_Dataset extract_:

********

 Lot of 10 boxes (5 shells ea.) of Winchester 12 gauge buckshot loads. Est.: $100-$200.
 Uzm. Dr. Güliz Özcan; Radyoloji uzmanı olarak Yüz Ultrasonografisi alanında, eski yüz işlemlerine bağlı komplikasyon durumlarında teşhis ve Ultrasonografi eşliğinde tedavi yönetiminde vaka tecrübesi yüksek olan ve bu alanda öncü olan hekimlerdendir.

********

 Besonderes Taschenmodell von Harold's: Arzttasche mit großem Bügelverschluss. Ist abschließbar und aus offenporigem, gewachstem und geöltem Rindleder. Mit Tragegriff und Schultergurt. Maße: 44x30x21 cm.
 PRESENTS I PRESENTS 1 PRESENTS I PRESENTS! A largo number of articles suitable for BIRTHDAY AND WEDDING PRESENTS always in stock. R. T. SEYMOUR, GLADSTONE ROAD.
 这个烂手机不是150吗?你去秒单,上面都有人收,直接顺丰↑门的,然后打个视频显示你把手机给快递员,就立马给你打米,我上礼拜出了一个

********

Your answer should be the lines of the listing above between the line holding "Lot of 10 boxes" and the line holding "Uzm. Dr. Güliz", inclusive, restated word for word and alone.

_Answer_:
 Lot of 10 boxes (5 shells ea.) of Winchester 12 gauge buckshot loads. Est.: $100-$200.
 Uzm. Dr. Güliz Özcan; Radyoloji uzmanı olarak Yüz Ultrasonografisi alanında, eski yüz işlemlerine bağlı komplikasyon durumlarında teşhis ve Ultrasonografi eşliğinde tedavi yönetiminde vaka tecrübesi yüksek olan ve bu alanda öncü olan hekimlerdendir.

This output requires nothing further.